Co-incidentally the same lesson applies to fools who use tools that are entirely unsuitable for the task in hand – like the widespread use of ‘lean manufacturing’ tools in service organisations where ‘waste’ is not the same as in manufacturing contexts, and where ‘duplication’ – undesirable in manufacturing – can be a vital part of fulfilling customer needs in a service enterprise. The questions we should ask in these situations are: Who invented this tool? What problem were they trying to solve? Do we have the same problem here? 

On time and change

In addition to the lessons we can learn from companies like Mercedes and the ACO, both of whom organise themselves in ways that enable optimal performance, two important elements I have not yet mentioned have to do with time (and timing) and design philosophy.

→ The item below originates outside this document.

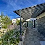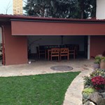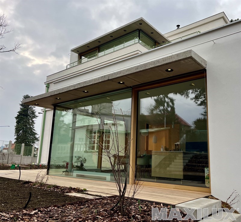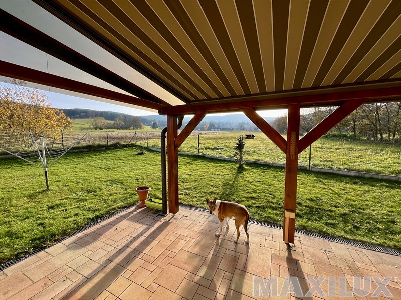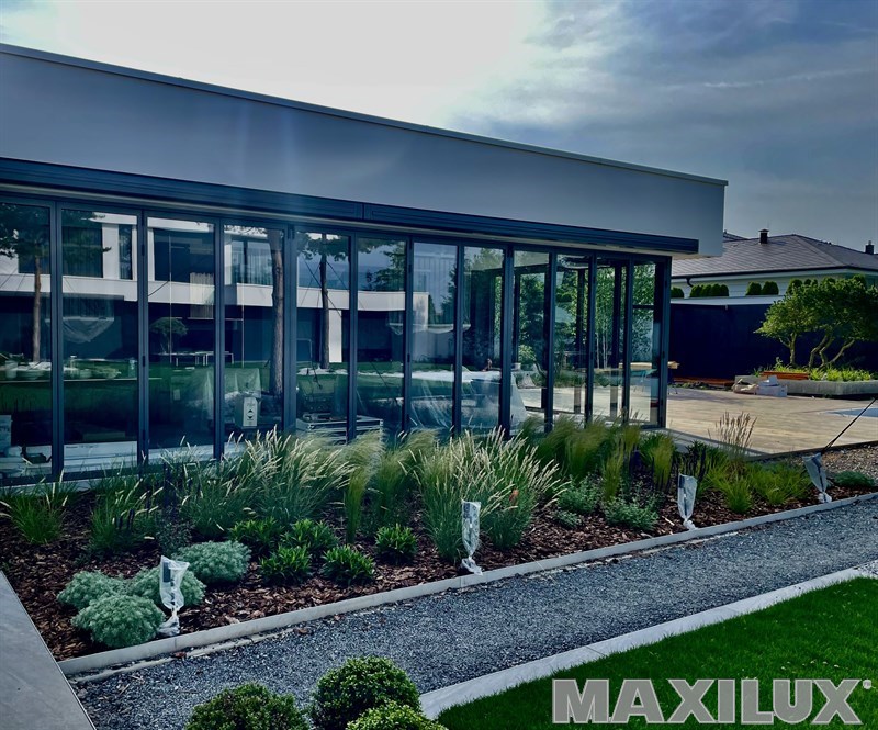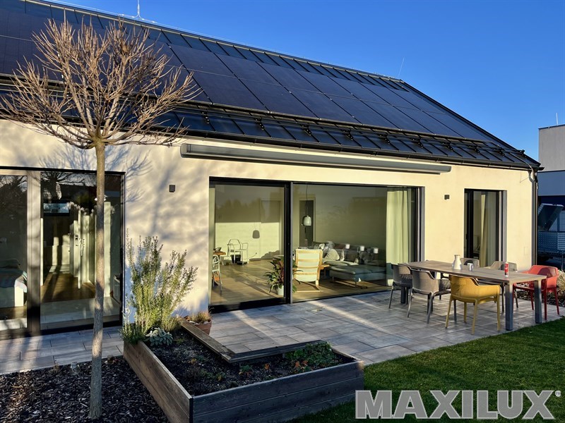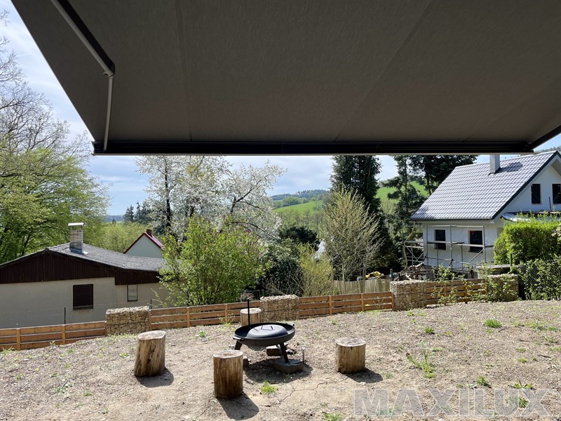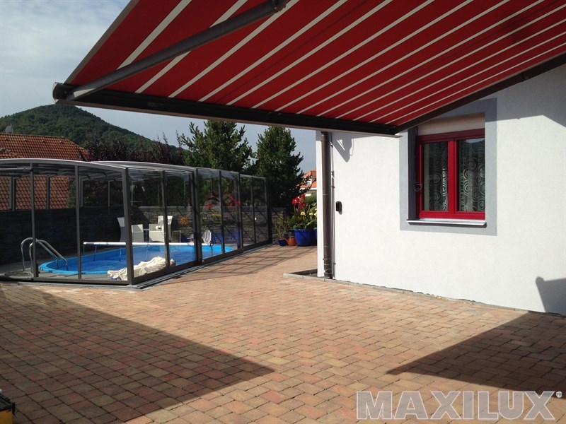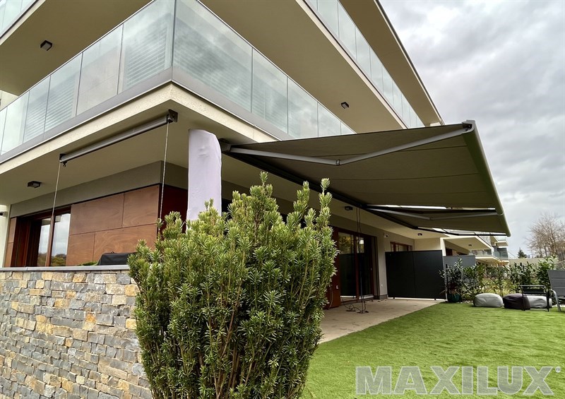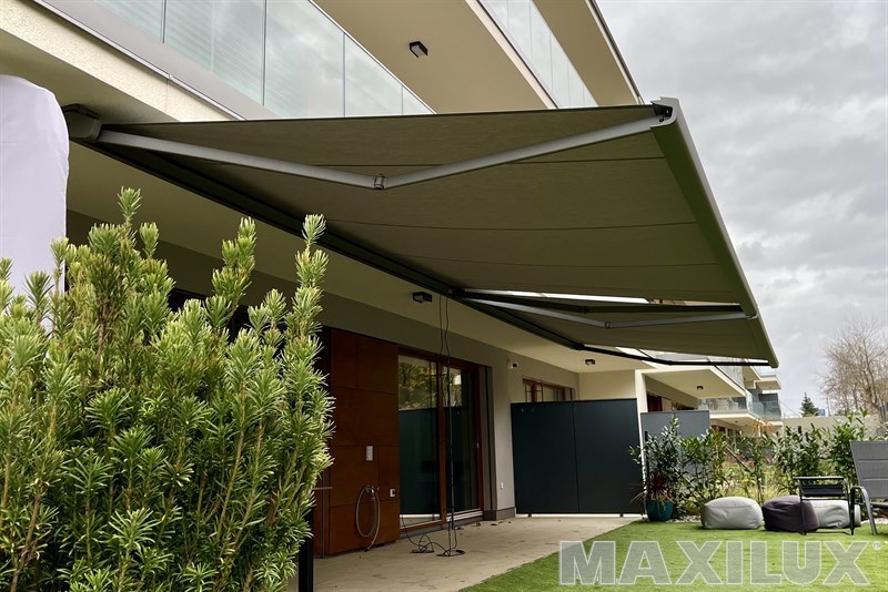 Kazetová velkoprostorová markýza na dálkové ovládání pro velké terasy doplněná o přední markýzu

It is pretty obvious that both the Australian Chamber Orchestra and Mercedes are acutely aware of time and how they can use it to their advantage, in a variety of ways, but invariably matched to the conditions in which they are operating from one moment to the next. It is the essence of their business after all. They know that planning requires a far more measured tempo than preparation. Practice takes that up a gear. But performance is on a different plane altogether. For when the lights flash green, or the baton descends in the spotlight, the situation becomes electric. Everyone is on edge as time blurs and the ordinary is transformed into the extraordinary.

Neither the race nor the concert can go on indefinitely of course. If our life lacks variety, particularly if we constantly work in performance mode, with all the tensions, physical stresses and high levels of concentration that entails, we quickly become worn-out through exhaustion. Such a frenetic pace is impossible to sustain for lengthy periods. 

The opposite is also enervating. Contrary to conventional wisdom, many organisations suffer from change fatigue not because of the speed of change per se but because of frequent changes in direction or management whims, a lack of any continuity in the leadership, and the feelings of futility and tedium arising from these. 

Changing the timing and pace of various activities helps to sustain high levels of performance. Bursts of concentrated activity can trigger innovation while providing a degree of focus that companies who insist on regulated, undeviating routines can never experience. Anticipation, too, is a great motivator. Indeed in some cases, anticipating an event can be more pleasurable than the event itself. Knowing that, why do so many organisations remove all sense of anticipation from their consciousness of time and timing? 

The capacity to mix up the pace of change is often missing in organisations that insist on adhering to old-fashioned management controls as their rationale for managing risk. This is sad, not just because our conscious use of time is the epitome of artistic and sporting endeavour, and therefore one of the pinnacles of human achievement, but because shrewd timing can sharpen attention, increase morale, and sustain high levels of performance for indefinite periods. 

Finally a brief thought on design ethos or philosophy. The ACO and Mercedes both design for abundance or sufficiency. They view the architecture of the whole system and sustain effectiveness from that perspective, enabled by economies of flow – how things work seamlessly together. They look to increase skill levels and stay at the leading edge of their activities. 

This habit is in stark contrast to many business organisations that provision for scarcity. Motivated by insufficiency, executives focus primarily on numbers – lowering costs, reducing the head count, and eliminating duplication. They will enthusiastically reduce staff numbers without any knowledge of how this might impact the whole. They will analyse parts of the system their informants regard as critical and allocate funds to optimise those. Meanwhile the whole system becomes dysfunctional and slowly deteriorates over time. 

The lesson is clear. The ethos of scarcity cannot exist in the arts or in sport as it suffocates innovation and depletes performance. A sense of abundance rules in these domains, as it should in business.